Hi, Hello, I'm very sorry to bother you, but I would like to ask why my program reports the following error whether I run test or train: Traceback (most recent call last): File "/home/cvt2/bin/dlhpcstarter", line 8, in
sys.exit(main())
^^^^^^
File "/home/cvt2/lib/python3.11/site-packages/dlhpcstarter/main.py", line 54, in main
submit(args=args, stages_fnc=stages_fnc)
File "/home/cvt2/lib/python3.11/site-packages/dlhpcstarter/main.py", line 69, in submit
stages_fnc(args)
File "/home/cvt2distilgpt2/stages.py", line 68, in stages
model = TaskModel(**vars(args))
^^^^^^^^^^^^^^^^^^^^^^^
File "/home/cvt2distilgpt2/cvt2distilgpt2_iu_x_ray_chen.py", line 66, in init
self.val_coco_metrics = COCOCaptionMetrics(metrics=["bleu", "cider", "rouge"])

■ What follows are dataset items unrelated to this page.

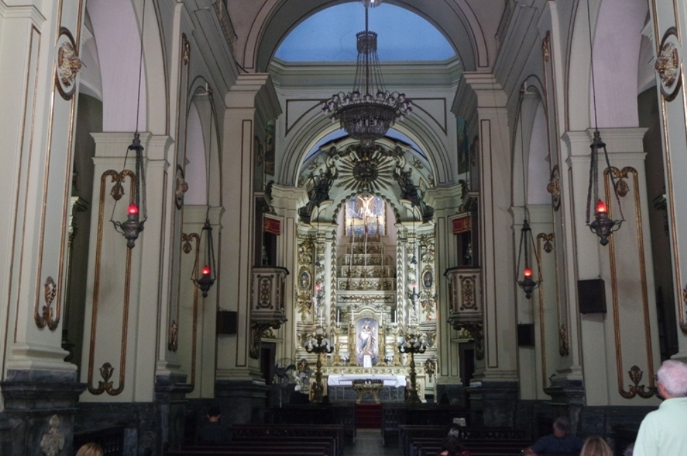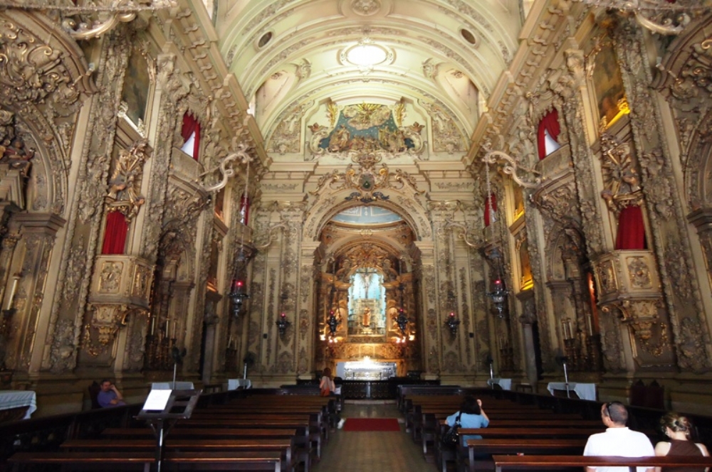 O forro tem pintura ilusionista e as laterais são impressionantes do chão ao teto. Vale a pena também visitar o museu sacro, que custa R$ 5 e há horários de visitas guiadas nas terças-feiras. Abre de terça a sexta-feira. Largo da Carioca, Morro de Santo Antônio, Centro.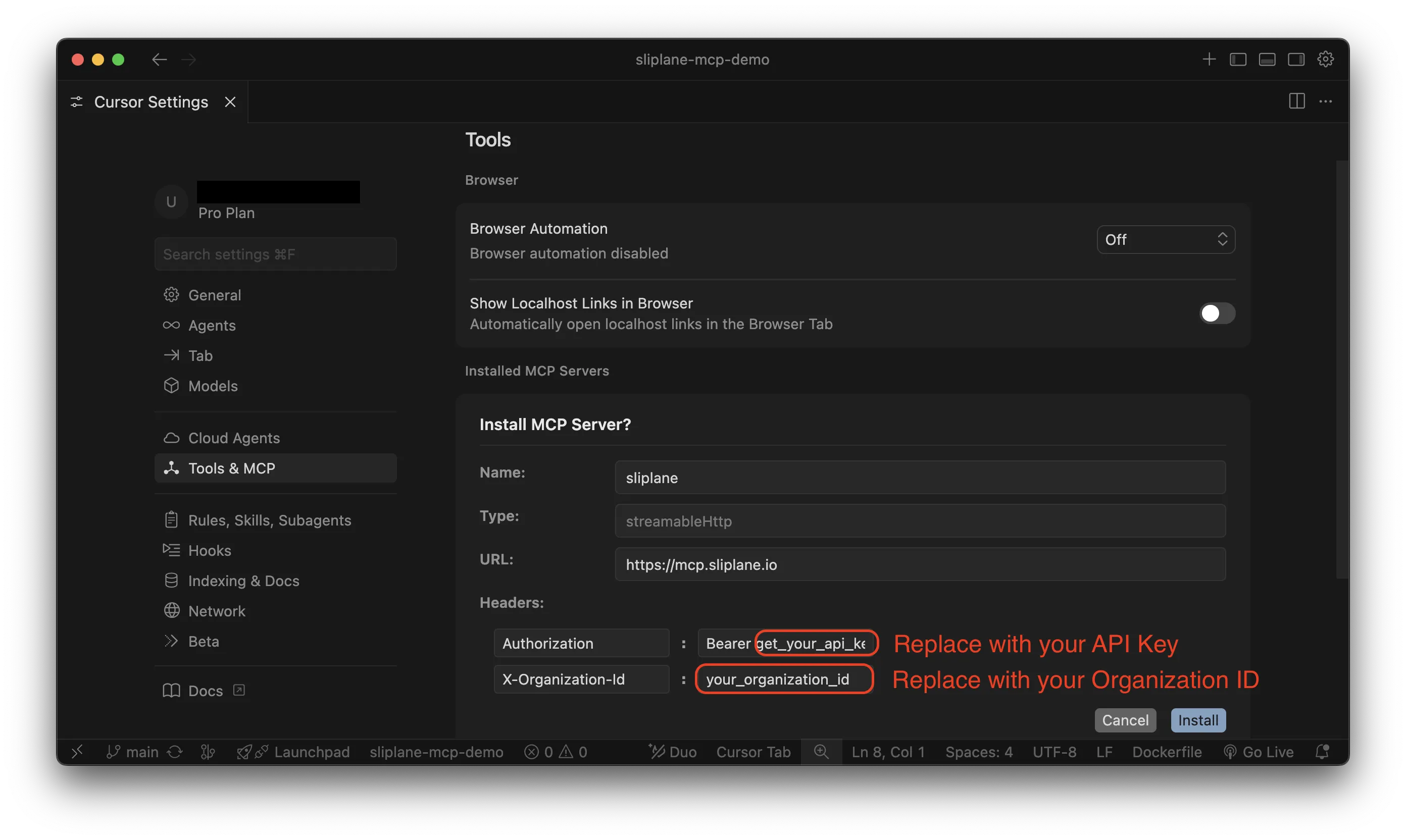 Cursor will open the install flow and open the configuration page for you. All you need to do is to paste your API key and Organization ID.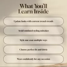 - Chapter 4: How to Style Trench Coats in Everyday Life – Day-to-night transformations plus a case study styling one trench in three ways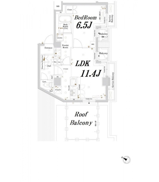 LDK 11.4 畳 洋室 6.5 畳 |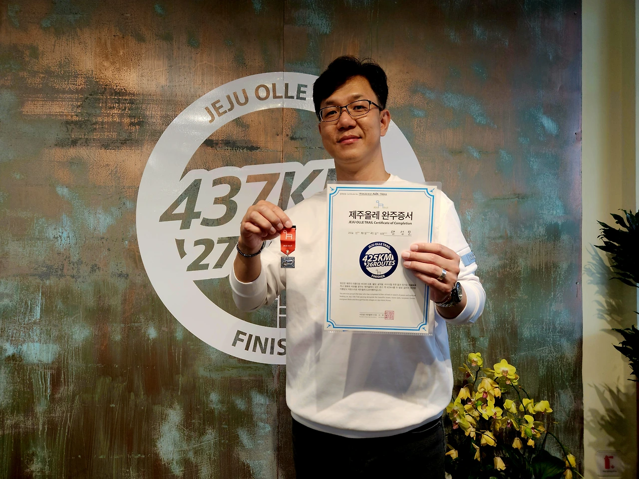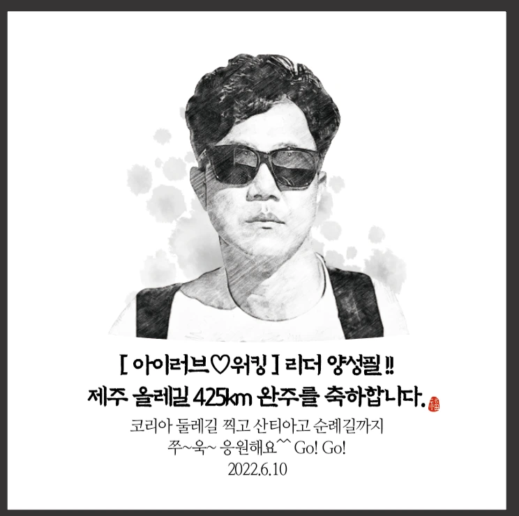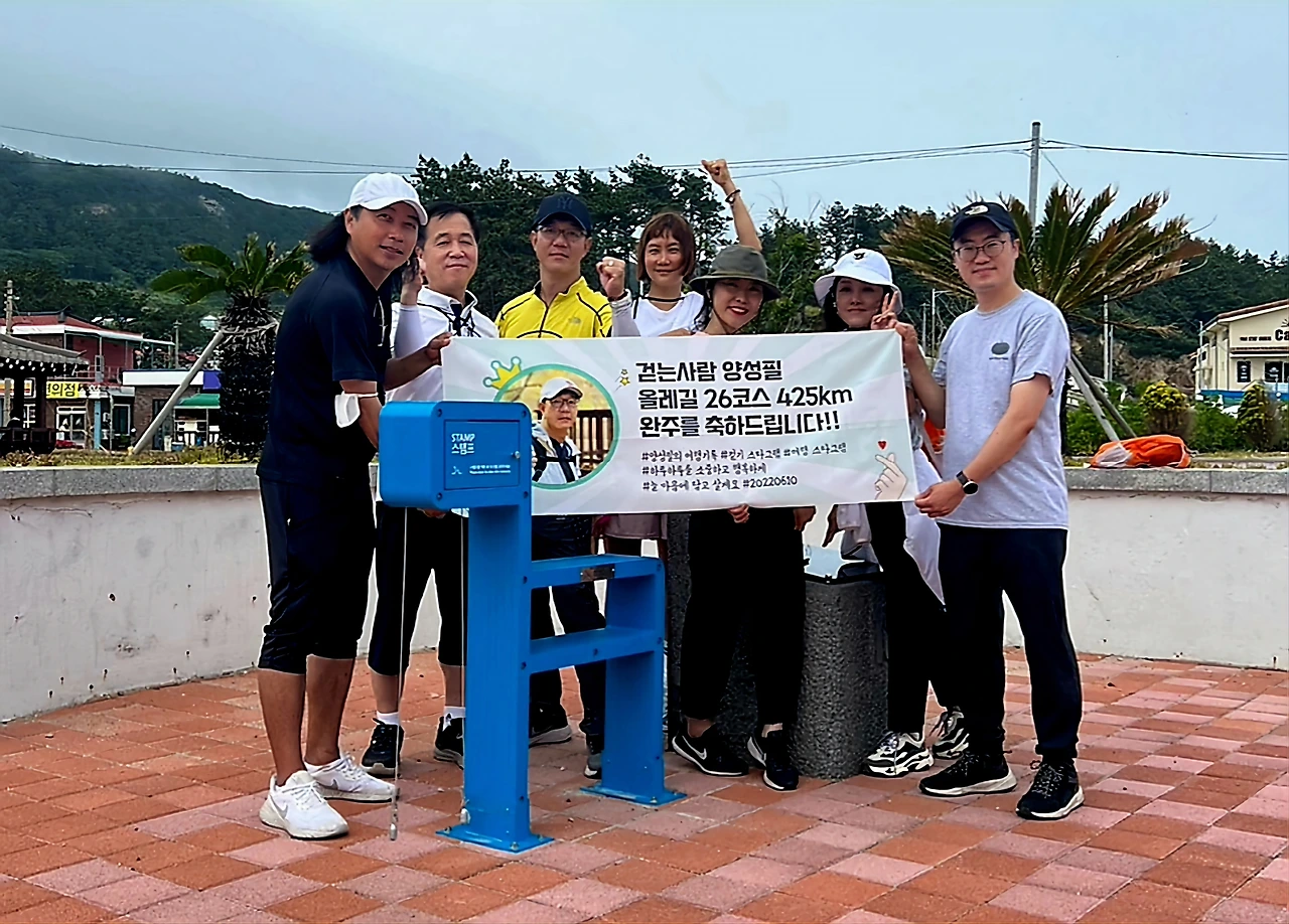 나는 2019년 11월 7일부터 2022년 6월 10일까지 2년 7개월에 걸쳐 서울과 제주를 오가며 걸었던 <제주 올레길> 총 26개 코스, 425km를 완주하고 마침표를 찍었다. 정말 감격스러운 날이었다. 특히 완주의 기쁨과 의미를 더해준 것은 마지막 코스인 추자도를 함께 걸어준 <아이러브워킹> 멤버들이었다. 기념 현수막과 액자까지 준비해서 선물해줬다. 평생 잊지 못할 소중한 추억이다. 나는 16,824번째 제주 올레길 완주자로 <올레길 명예의 전당>에 등재됐다. 나 스스로가 대견하다.

^^^^^^^^^^^^^^^^^^^^^^^^^^^^^^^^^^^^^^^^^^^^^^^^^^^^^^
File "/home/cvt2distilgpt2/tools/metrics/coco.py", line 33, in init
super().init(dist_sync_on_step=dist_sync_on_step, compute_onstep=False)
File "/home/cvt2/lib/python3.11/site-packages/torchmetrics/metric.py", line 146, in init
raise ValueError(f"Unexpected keyword arguments: {', '.join(kwargs)}")
ValueError: Unexpected keyword arguments:
compute_on_step
I would be very grateful if you could reply me with a solution to my problem!